*GIVEN ENTRIES:*
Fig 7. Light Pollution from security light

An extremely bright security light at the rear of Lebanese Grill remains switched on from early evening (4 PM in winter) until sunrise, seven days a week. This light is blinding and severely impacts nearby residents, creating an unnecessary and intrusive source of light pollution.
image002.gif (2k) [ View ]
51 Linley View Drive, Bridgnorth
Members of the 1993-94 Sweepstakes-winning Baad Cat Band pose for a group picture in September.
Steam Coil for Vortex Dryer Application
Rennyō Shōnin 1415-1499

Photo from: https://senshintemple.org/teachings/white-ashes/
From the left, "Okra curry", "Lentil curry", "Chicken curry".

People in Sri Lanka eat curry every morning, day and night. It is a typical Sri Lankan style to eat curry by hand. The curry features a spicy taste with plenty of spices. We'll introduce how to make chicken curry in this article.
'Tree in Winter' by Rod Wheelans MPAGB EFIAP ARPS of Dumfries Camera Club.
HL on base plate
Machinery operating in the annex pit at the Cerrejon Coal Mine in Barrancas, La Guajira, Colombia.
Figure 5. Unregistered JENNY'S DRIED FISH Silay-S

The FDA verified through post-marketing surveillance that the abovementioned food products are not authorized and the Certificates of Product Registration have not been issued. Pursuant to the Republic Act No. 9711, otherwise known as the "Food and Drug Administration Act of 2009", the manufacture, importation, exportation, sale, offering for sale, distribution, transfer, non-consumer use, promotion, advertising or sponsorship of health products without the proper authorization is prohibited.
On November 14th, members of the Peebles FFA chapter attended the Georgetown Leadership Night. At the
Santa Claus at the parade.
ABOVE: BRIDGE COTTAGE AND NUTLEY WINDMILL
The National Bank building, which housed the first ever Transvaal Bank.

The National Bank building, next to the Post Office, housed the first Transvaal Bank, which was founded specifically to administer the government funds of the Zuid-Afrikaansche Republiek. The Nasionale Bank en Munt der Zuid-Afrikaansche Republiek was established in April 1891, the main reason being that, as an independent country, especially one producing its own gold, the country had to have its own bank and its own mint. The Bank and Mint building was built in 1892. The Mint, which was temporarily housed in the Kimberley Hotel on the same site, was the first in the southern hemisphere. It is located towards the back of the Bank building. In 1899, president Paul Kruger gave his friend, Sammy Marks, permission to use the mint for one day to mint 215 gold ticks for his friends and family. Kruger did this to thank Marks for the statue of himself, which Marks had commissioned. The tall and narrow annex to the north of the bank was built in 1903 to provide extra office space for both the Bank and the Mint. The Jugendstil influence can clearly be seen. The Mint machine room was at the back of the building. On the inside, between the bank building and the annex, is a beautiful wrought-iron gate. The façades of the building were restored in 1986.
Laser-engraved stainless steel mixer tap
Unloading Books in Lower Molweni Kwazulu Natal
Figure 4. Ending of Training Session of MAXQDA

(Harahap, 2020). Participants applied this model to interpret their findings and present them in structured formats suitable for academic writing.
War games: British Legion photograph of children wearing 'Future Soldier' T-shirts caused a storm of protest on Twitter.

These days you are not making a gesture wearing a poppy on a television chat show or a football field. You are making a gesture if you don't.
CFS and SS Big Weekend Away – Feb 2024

*DESCRIPTION OF THE TASK:*
Search the data for the string "View". List each line that has it.

*SOLUTION:*
image002.gif (2k) [ View ]
51 Linley View Drive, Bridgnorth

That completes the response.